Row-oriented versus columnar memory

Spark's native engine uses a row-oriented format for in-memory data. Photon did not adopt this format, and instead uses a columnar representation. Again, performance was the driver for this design decision. A benefit of a columnar format is that it is more amenable to SIMD instructions, which enable parallel, vectorized execution. Another benefit is that Parquet files—Photon's primary interface—also have a columnar layout. Where Spark's native engine requires an expensive column-to-row pivot, Photon does not.
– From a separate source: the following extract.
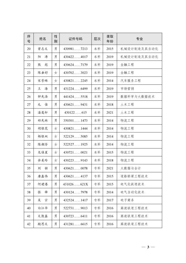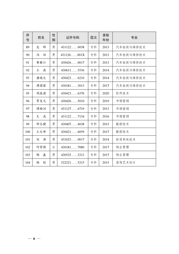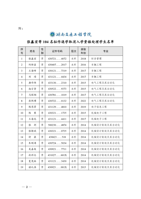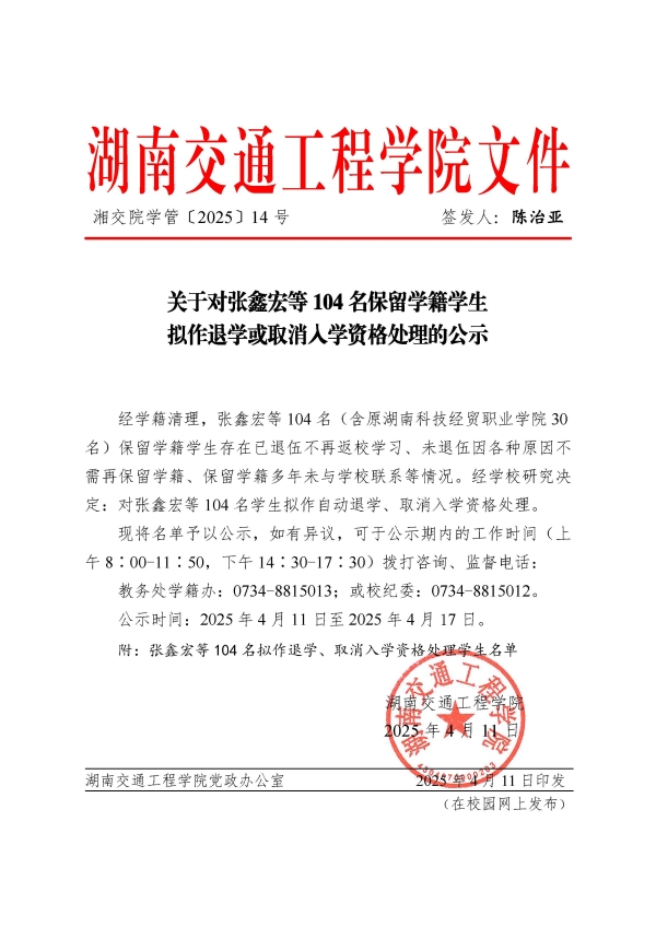 关于对张鑫宏等104名保留学籍学生拟作退学或取消入学资格处理的公示(湘交院学管〔2025〕14号)

Code generation versus interpreted vectorization

Spark's native engine uses a code-generation design, which means that a compiler produces specialized, query-specific code at runtime. Multiple operators are typically collapsed into a pipeline function to optimize performance, at the cost of observability. Photon uses an interpreted vectorization design, which means that data is processed in batches, and a pre-compiled code path is dynamically assigned to each batch at runtime. The latter approach can leverage batch-specific statistics at runtime to choose the optimal code path, a process called batch-level adapativity.

Overlap

Spark's native engine and Photon serve the same purpose of executing data processing tasks within the Spark execution framework. They also share the same user-facing APIs and have consistent semantics – this means that application code is portable between both engines and guaranteed to have the same outcome.

Conclusion

Photon is a modern execution engine optimized for the Lakehouse. It does not replace Apache Spark, and it does not affect the Spark execution framework – it partially replaces Spark's native execution engine.